Collected data

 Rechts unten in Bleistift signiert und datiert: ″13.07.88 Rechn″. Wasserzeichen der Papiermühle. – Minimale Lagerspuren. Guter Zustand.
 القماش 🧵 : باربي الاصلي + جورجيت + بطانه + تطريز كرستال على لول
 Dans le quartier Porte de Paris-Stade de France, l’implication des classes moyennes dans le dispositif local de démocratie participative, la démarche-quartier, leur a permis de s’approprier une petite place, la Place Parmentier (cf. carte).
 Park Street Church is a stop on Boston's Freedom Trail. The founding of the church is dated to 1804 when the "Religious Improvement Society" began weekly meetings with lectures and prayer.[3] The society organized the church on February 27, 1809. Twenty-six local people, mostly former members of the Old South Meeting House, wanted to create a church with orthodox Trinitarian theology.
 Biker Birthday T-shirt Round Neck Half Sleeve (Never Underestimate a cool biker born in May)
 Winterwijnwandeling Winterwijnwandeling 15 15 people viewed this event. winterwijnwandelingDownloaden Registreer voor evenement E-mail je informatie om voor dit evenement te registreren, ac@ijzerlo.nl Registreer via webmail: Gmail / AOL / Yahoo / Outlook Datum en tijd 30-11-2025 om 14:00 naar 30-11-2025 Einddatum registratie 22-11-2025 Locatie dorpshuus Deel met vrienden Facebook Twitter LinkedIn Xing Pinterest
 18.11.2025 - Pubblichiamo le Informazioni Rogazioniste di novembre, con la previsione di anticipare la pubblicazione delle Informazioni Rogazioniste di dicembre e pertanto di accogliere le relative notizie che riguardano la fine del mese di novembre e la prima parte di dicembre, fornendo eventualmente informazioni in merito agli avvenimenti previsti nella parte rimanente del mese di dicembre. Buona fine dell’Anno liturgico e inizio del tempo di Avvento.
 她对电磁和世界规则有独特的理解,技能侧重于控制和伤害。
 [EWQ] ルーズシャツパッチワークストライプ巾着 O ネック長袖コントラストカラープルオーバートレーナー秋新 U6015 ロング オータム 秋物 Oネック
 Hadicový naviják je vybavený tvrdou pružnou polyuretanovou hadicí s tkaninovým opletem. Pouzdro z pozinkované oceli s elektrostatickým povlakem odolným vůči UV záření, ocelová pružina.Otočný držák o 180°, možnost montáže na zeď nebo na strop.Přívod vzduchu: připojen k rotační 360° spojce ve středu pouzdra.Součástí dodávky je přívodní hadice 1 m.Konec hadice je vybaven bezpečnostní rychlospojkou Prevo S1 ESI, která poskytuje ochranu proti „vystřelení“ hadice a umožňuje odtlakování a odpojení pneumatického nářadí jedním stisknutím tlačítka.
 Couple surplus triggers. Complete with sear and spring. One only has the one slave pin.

• What the exercise asks: Say the number of lines in the entries that have the string "with", and only that.

• Result for this task: 2